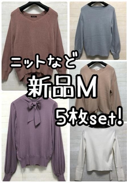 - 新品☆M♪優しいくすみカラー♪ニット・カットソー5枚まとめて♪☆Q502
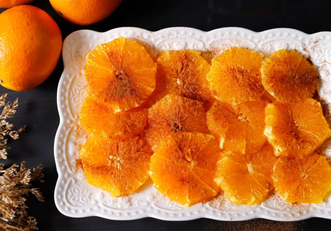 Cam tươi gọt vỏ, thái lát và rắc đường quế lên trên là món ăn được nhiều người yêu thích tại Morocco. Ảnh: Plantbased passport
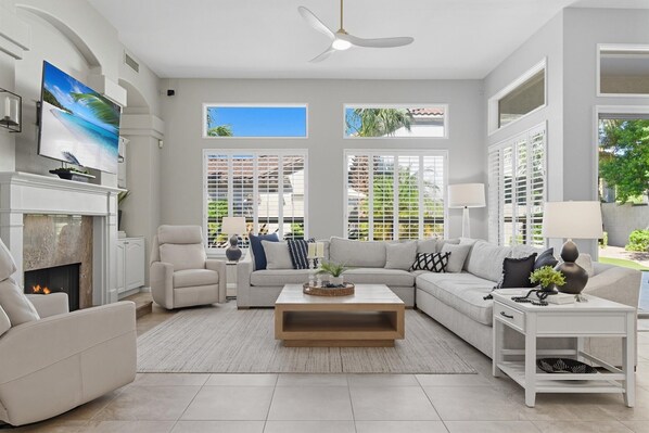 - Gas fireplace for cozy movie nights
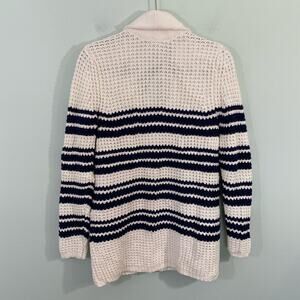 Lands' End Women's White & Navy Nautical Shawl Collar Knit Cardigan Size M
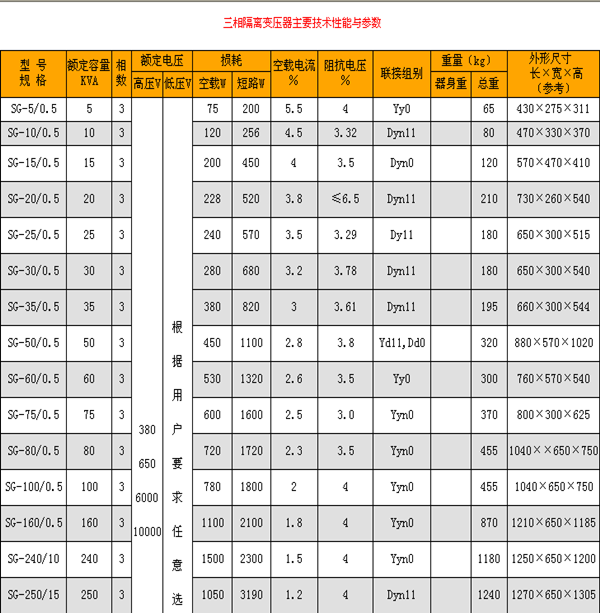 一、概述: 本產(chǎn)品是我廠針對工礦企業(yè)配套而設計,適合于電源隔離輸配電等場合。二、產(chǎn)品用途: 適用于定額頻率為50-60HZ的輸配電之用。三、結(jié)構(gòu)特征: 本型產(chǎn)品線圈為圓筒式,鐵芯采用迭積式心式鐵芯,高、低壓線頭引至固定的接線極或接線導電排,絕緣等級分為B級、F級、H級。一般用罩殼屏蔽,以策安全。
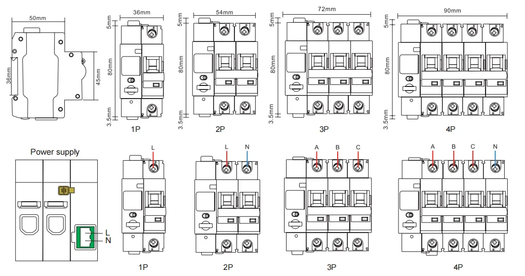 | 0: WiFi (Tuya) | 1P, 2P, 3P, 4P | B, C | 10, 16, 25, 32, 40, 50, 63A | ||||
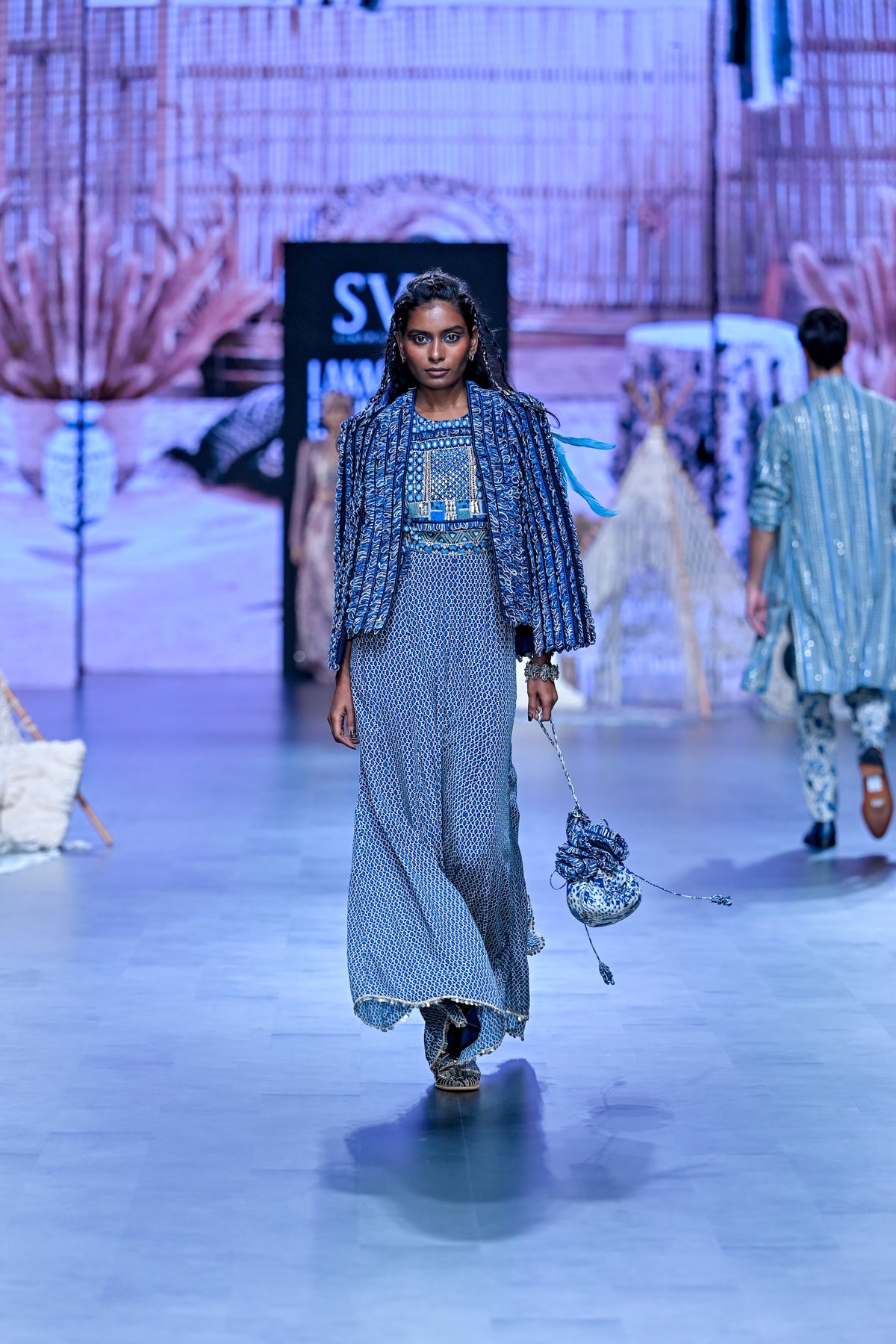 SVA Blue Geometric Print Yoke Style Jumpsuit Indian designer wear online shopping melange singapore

•••

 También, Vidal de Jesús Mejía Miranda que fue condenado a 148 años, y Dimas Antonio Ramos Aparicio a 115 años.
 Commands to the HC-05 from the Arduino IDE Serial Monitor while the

•••

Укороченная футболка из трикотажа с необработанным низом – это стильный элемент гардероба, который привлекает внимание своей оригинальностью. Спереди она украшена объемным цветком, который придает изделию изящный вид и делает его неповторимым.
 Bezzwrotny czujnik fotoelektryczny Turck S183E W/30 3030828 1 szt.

•••

- **Instructions to follow**
From the records above, retype only the lines starting at the line that contains "Укороченная футболка из" and ending at the line that contains "Bezzwrotny czujnik fotoelektryczny", both included.

- **Response to the task**
Укороченная футболка из трикотажа с необработанным низом – это стильный элемент гардероба, который привлекает внимание своей оригинальностью. Спереди она украшена объемным цветком, который придает изделию изящный вид и делает его неповторимым.
 Bezzwrotny czujnik fotoelektryczny Turck S183E W/30 3030828 1 szt.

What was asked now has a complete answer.